Now back to your comments on the code:

Guillem Jover:
> > diff --git a/debian/usertags b/debian/usertags
> > index 0fc26f2..0419488 100644
> > --- a/debian/usertags
> > +++ b/debian/usertags
> > @@ -65,6 +65,7 @@ dpkg-checkbuilddeps	[DPKG-CHECKBUILDDEPS]
> >  dpkg-deb		[DPKG-DEB]
> >  dpkg-distaddfile	[DPKG-DISTADDFILE]
> >  dpkg-divert		[DPKG-DIVERT]
> > +dpkg-genbuildinfo	[DPKG-GENBUILDINFO]
> 
> The pseudo-tag is only needed for old tools for legacy reasons. I
> should just do a round of «bts retitle» at some point.

Removed.

> >  dpkg-genchanges		[DPKG-GENCHANGES]
> >  dpkg-gencontrol		[DPKG-GENCONTROL]
> >  dpkg-gensymbols		[DPKG-GENCSYMBOLS]
> > diff --git a/man/dpkg-genbuildinfo.1 b/man/dpkg-genbuildinfo.1
> > new file mode 100644
> > index 0000000..626bf66
> > --- /dev/null
> > +++ b/man/dpkg-genbuildinfo.1
> > @@ -0,0 +1,89 @@
> > +.\" dpkg manual page - dpkg-genbuildinfo(1)
> > +.\"
> > +.\" Copyright © 2015 Jérémy Bobbio <lunar at debian.org>
> 
> This probably needs to be completed with the © from the sources it's
> borrowing from.

Added.

> The changes to man/po/po4a.conf are missing.

Added.

> > diff --git a/scripts/Dpkg/Control/FieldsCore.pm b/scripts/Dpkg/Control/FieldsCore.pm
> > index 8a5695b..75de185 100644
> > --- a/scripts/Dpkg/Control/FieldsCore.pm
> > +++ b/scripts/Dpkg/Control/FieldsCore.pm
> > @@ -361,6 +373,11 @@ our %FIELD_ORDER = (
> >          Vcs-Svn Testsuite), &field_list_src_dep(), qw(Package-List),
> >          @checksum_fields, qw(Files)
> >      ],
> > +    CTRL_FILE_BUILDINFO() => [
> > +        qw(Format Build-Architecture Source Binary Architecture Version
> > +        Build-Environment Build-Path),
> > +        @checksum_fields,
> > +    ],
> 
> Probably pack all «Build-» fields together at the end after the checksum
> ones, and leave Build-Environment as the last of those, as it's the one
> taking the most vertical space.

Done.

> >      CTRL_FILE_CHANGES() => [
> >          qw(Format Date Source Binary Binary-Only Built-For-Profiles Architecture
> >          Version Distribution Urgency Maintainer Changed-By Description
> > diff --git a/scripts/dpkg-buildpackage.pl b/scripts/dpkg-buildpackage.pl
> > index a3cca87..018f37d 100755
> > --- a/scripts/dpkg-buildpackage.pl
> > +++ b/scripts/dpkg-buildpackage.pl
> > @@ -158,6 +158,7 @@ my $since;
> >  my $maint;
> >  my $changedby;
> >  my $desc;
> > +my @buildinfo_opts;
> >  my @changes_opts;
> >  my @hook_names = qw(
> >      init preclean source build binary changes postclean check sign done
> 
> The buildinfo hook name is missing in the @hook_names array.

Added.
 
> > @@ -567,6 +570,25 @@ if ($include & BUILD_BINARY) {
> >      withecho(@debian_rules, $buildtarget);
> >      run_hook('binary', 1);
> >      withecho(@rootcommand, @debian_rules, $binarytarget);
> > +
> > +    if (-e "../$pv.dsc") {
> 
> Why is the buildinfo file tied to whether there's or not a source
> package?

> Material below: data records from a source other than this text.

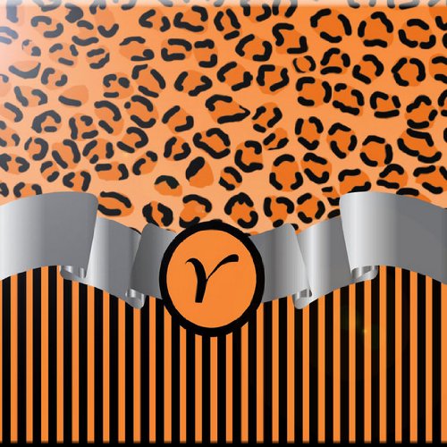 Rikki Knight RK-12intilec-2455 12" X 12" Letter "Y" Orange Leopard Print Stripes Monogram Design Ceramic Art Tile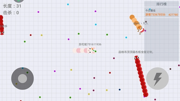 你可以通过操控摇杆来控制小蛇的移动方向,当小蛇吃掉地图上那些彩色的小圆点后,它的身体就会随之变长。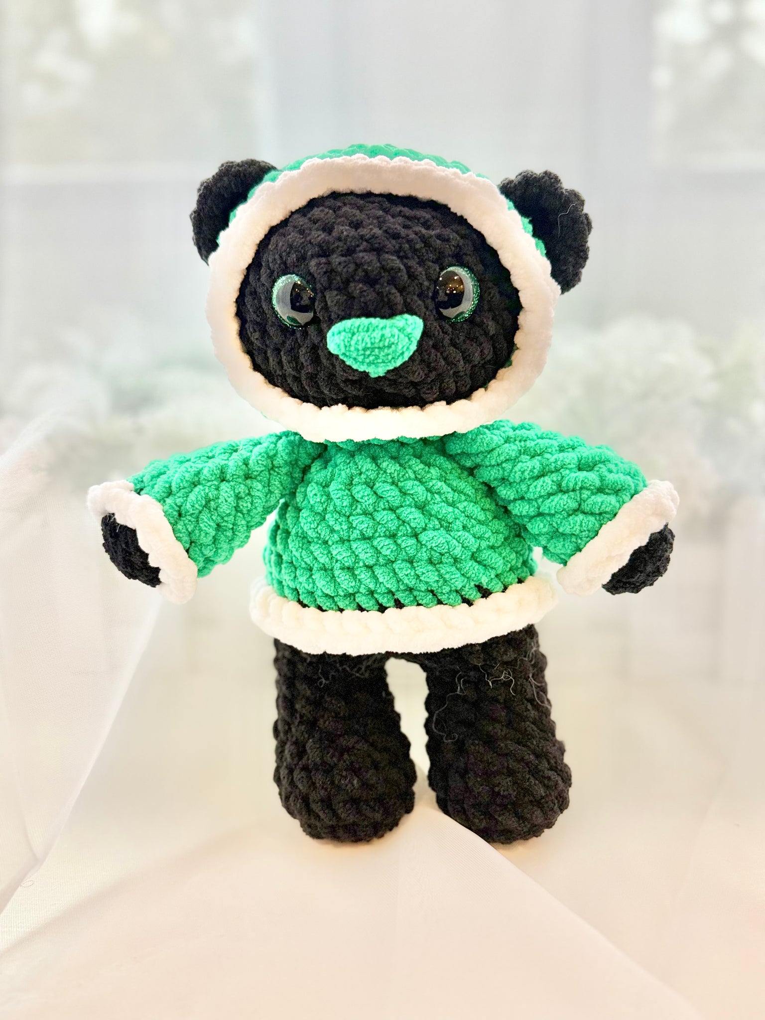 This item was developed from the No Sew Hoodie Bears pattern by the amazing Nooks Hooks. If you are a fellow crocheter wanting the pattern, please check out their Etsy page for the pattern here: No Sew Hoodie Bears.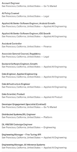 After one Week hustle OpenAI  announced more than 40 Jobs in Company OpenAI is Building safe Artificial General Intelligence to serve Humanity.

I'd say it might make sense to not generate a buildinfo file
> only if we are not building binary packages. To check for that use the
> BUILD_ constants.

I've added this test after seeing build failures with
cross-binutils which calls `dpkg-buildpackage -B` without a
source previously generated:
https://sources.debian.net/src/cross-binutils/0.22/debian/rules/#L53

In my mind, the buildinfo files are tying a given source to binary
packages. So if they can't contain the hash of a .dsc, then they should
not be generated.

If we say buildinfo are of a more general interest, dpkg-genbuildinfo
could skip including the .dsc if there's none available.

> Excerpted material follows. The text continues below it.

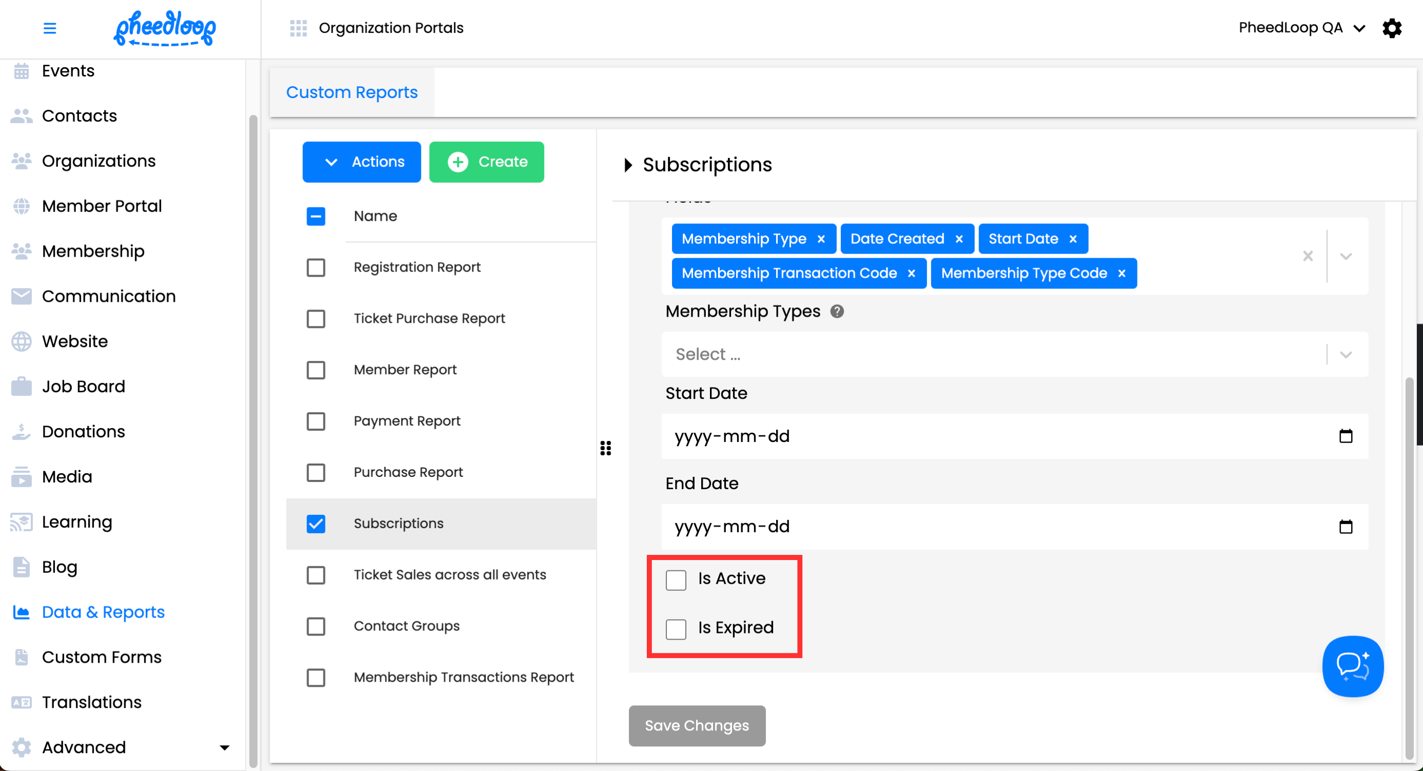 Toggle on the Is Active checkbox to only include subscriptions that are currently active in the report. Toggle off this checkbox to not filter any results.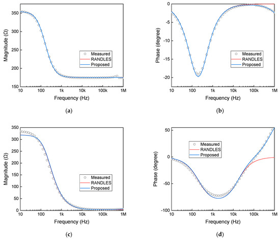 Measurements and circuit performance: (a,b) show the impedance magnitude and phase of the Evian sample, respectively, superimposed with the performance curves of the Randles model and the modified equivalent circuit model. (c,d) present the impedance magnitude and phase of the SW3 sample, respectively, superimposed with the performance curves of the Randles model and the modified equivalent circuit model.

The whole block you quoted is conditional `$include & BUILD_BINARY`. Is
there something more that needs to be added to only generate a buildinfo
file only when building binary packages?

> > +        run_hook('buildinfo', 1);
> 
> The hook should not be conditional to the code being executed. The
> second argument should represent that.

Something like the following, then?

    run_hook('buildinfo', $include & BUILD_BINARY);

I'm not sure why this has to be different than the 'binary' hook?

> > +        push @buildinfo_opts, "--admindir=$admindir" if $admindir;
> > +
> > +        my $buildinfo_path = "../$pva.buildinfo";
> > +        my $buildinfo = Dpkg::Control->new(type => CTRL_FILE_BUILDINFO);
> > +
> > +        print { *STDERR } " dpkg-genbuildinfo @buildinfo_opts >$buildinfo_path\n";
> > +
> > +        open my $buildinfo_fh, '-|', 'dpkg-genbuildinfo', @buildinfo_opts
> > +            or subprocerr('dpkg-genbuildinfo');
> > +        $buildinfo->parse($buildinfo_fh, _g('parse buildinfo file'));
> > +        $buildinfo->save($buildinfo_path);
> > +        close $buildinfo_fh or subprocerr(_g('dpkg-genbuildinfo'));
> 
> There's no need for all this, just call dpkg-genbuildinfo redirecting
> its output to the destination file. The $changes code where this is
> originating from is accessed later on, so that's why it's being parsed.

Changed.
 
> > diff --git a/scripts/dpkg-genbuildinfo.pl b/scripts/dpkg-genbuildinfo.pl
> > new file mode 100755
> > index 0000000..d7784ee
> > --- /dev/null
> > +++ b/scripts/dpkg-genbuildinfo.pl
> > @@ -0,0 +1,263 @@
> > +#!/usr/bin/perl
> > +#
> > +# dpkg-genbuildinfo
> > +#
> > +# Copyright © 2003-2013 Yann Dirson <dirson at debian.org>
> > +# Copyright © 2014 Niko Tyni <ntyni at debian.org>
> > +# Copyright © 2014-2015 Jérémy Bobbio <lunar at debian.org>
> 
> This also probably needs to be completed with the © from the other
> sources it's borrowing from.

Added.
 
> > +my $quiet = 0;
> 
> There's nothing to be quiet about here.

Removed.
 
> > +my $buildinfo_format = '1.9';
> 
> Why is this format 1.9?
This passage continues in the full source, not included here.